2 seconds per epoch on a K520 GPU.
'''

from __future__ import print_function
import numpy as np
np.random.seed(1337)  # for reproducibility

from keras.datasets import mnist
from keras.models import Sequential
from keras.layers.core import Dense, Dropout, Activation
from keras.optimizers import SGD, Adam, RMSprop
from keras.utils import np_utils


batch_size = 128
nb_classes = 10
nb_epoch = 20

# the data, shuffled and split between train and test sets
(X_train, y_train), (X_test, y_test) = mnist.load_data()

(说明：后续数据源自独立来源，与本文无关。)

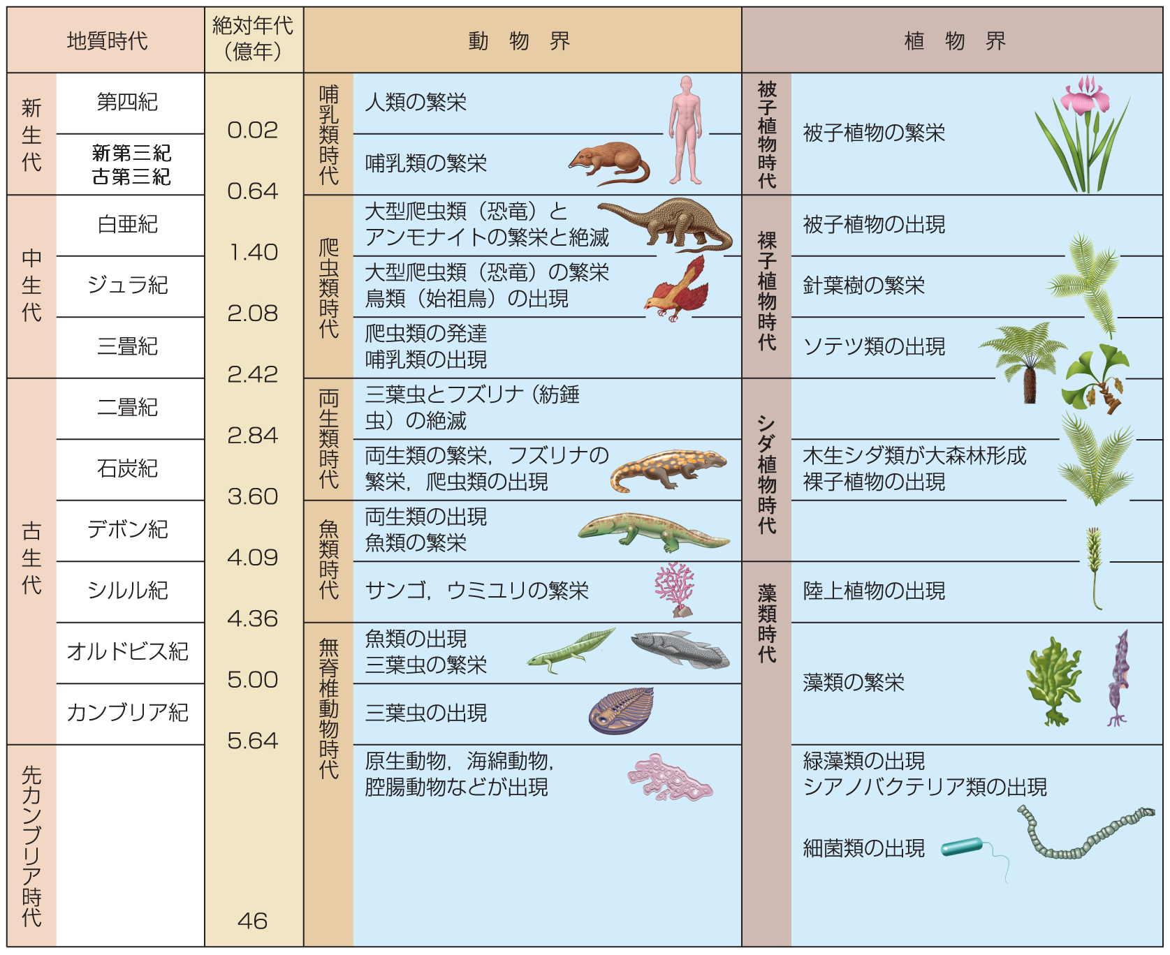 地質時代区分と生物の進化[画像クリックで拡大]

X_train = X_train.reshape(60000, 784)
X_test = X_test.reshape(10000, 784)
X_train = X_train.astype('float32')
X_test = X_test.astype('float32')
X_train /= 255
X_test /= 255
print(X_train.shape[0], 'train samples')
print(X_test.shape[0], 'test samples')

# convert class vectors to binary class matrices
Y_train = np_utils.to_categorical(y_train, nb_classes)
Y_test = np_utils.to_categorical(y_test, nb_classes)

model = Sequential()
model.add(Dense(512, input_shape=(784,)))
model.add(Activation('relu'))
model.add(Dropout(0.2))
model.add(Dense(512))
model.add(Activation('relu'))
model.add(Dropout(0.2))
model.add(Dense(10))
model.add(Activation('softmax'))

model.summary()

model.compile(loss='categorical_crossentropy',
              optimizer=RMSprop(),
              metrics=['accuracy'])

history = model.fit(X_train, Y_train,
                    batch_size=batch_size, nb_epoch=nb_epoch,
                    verbose=1, validation_data=(X_test, Y_test))
score = model.evaluate(X_test, Y_test, verbose=0)
print('Test score:', score[0])
print('Test accuracy:', score[1])

你错了。

过去与今天

过去的神经网络和现在的神经网络的区别不在于训练算法。每个 DNN 都经过基于某种基于 SGD 的算法的反向传播训练,与过去完全一样。 (有一些新算法试图通过自适应学习率减少参数调整,例如 Adam、RMSprop 和 co.;但普通 SGD 仍然是最常见的算法,例如用于 AlphaGo)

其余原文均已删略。